Ten years later, the tragedy hangs not only over the lives of the families whose men were lost and an industry whose reputation was forever damaged but also the region that has long relied on the vast oil and gas deposits buried beneath the Gulf to drive its economy.
Sitting in his office on the Galveston waterfront, looking out over an old drilling rig that serves as an offshore oil museum, Nick Gutierrez, the manager of a seafood market and fishing company, said the Texas fishing
industry was left relatively unscathed by Deepwater, but he couldn’t help but worry about a repeat closer to their fishing grounds.

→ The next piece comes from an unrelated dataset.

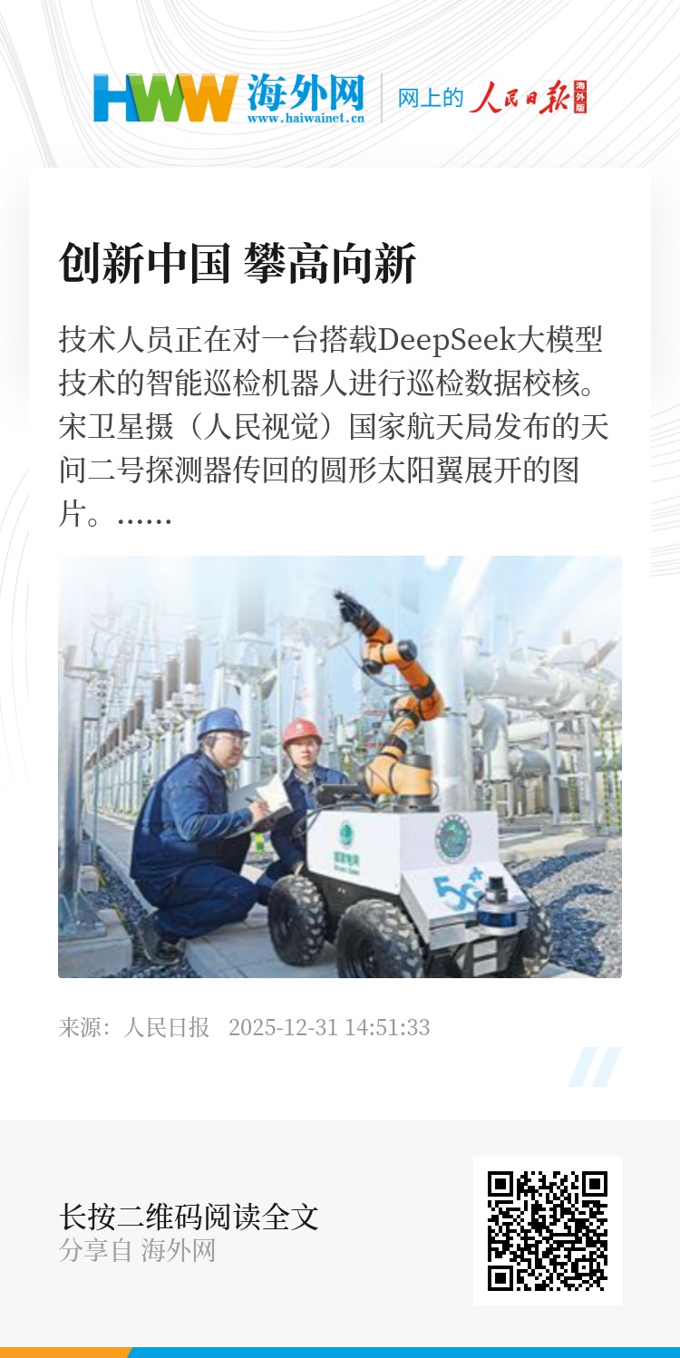 回望2025年,“人造太阳”的束流瞬间点亮,承载起人类探索“终极能源”的梦想;光电融合通信芯片问世,为6G奠定了硬件基础;航天员安全往返天地间、国家太空实验室运行良好,飞天逐梦步履不停;大桥飞架、高铁奔驰,远程手术隔空“操刀”、“云端教室”赋能山村课堂,民生保障更加有力;人工智能、生物医药、机器人等一批标志性科技产品惊艳世界,24个全球创新集群入围全球百强,中国的创新实力、综合竞争力得到越来越多的认可……

“It’s all tied together here. A lot of people’s jobs are in the oil industry, and we rely on them to come over here and buy fish,” he said. “But I think about it, that it could happen around here.”
The events leading to the explosion that April night began years earlier, as companies pushed farther and farther out into the Gulf as shallower and easier-to-drill oil and gas deposits ran their course. Macondo, as BP dubbed the well, was not only located a mile underwater but also stretched another 3½ miles beneath the sea floor, where the weight of the overlying rock puts incredible pressure on the oil and gas deposits.
High-wire act
Controlling that pressure is a high-wire act, requiring oil crews to pump huge volumes of drilling fluid and cement into the hole to counterbalance the pressure below. It’s a highly technical process honed over decades, but according to a federal commission assembled by former President Barack Obama after the explosion, the companies drilling the well made a series of seemingly small but critical errors that effectively turned Macondo into a ticking time bomb.
“There are recurring themes of missed warning signals, failure to share information, and a general lack of appreciation for the risks involved,” the presidential commission said in its report. “Though it is tempting to single out one crucial misstep or point the finger at one bad actor as the cause of the Deepwater Horizon explosion, any such explanation provides a dangerously incomplete picture of what happened.”
In the days and weeks after the blowout, the full scale of the disaster would slowly come to light.
BP’s attempts to kill the well from the surface — through underwater robots and a containment dome placed on the sea floor — all failed. That forced the companies to lay their bets on drilling a relief well that would take months to complete. In the meantime, tar balls started washing up on Gulf Coast beaches.
Kara Fox, now an ecologist with the environmental group Audubon Society, joined the cleanup, running boat crews setting up floating booms along the Alabama coastline, to protect plants and wildlife from the crude as it came in on the tides.
“As we saw in Louisiana, when the oil gets into the wetlands it’s devastating,” she said.
“One day we flew up and those beautiful beaches were absolutely orange, and I thought, this is never going to be the same again,” Fox said.
For the oil industry, the Deepwater Horizon explosion represented perhaps the largest public relations crisis in its history. Two decades earlier, the Exxon Valdez made international headlines when it hit a reef in Alaska’s Prince William Sound, ripping open its hull and spilling 250,000 barrels of crude into the pristine waters.
Deepwater Horizon was not only a much larger oil spill, but one that threatened some of the nation’s most visited tourist areas and prime fishing grounds.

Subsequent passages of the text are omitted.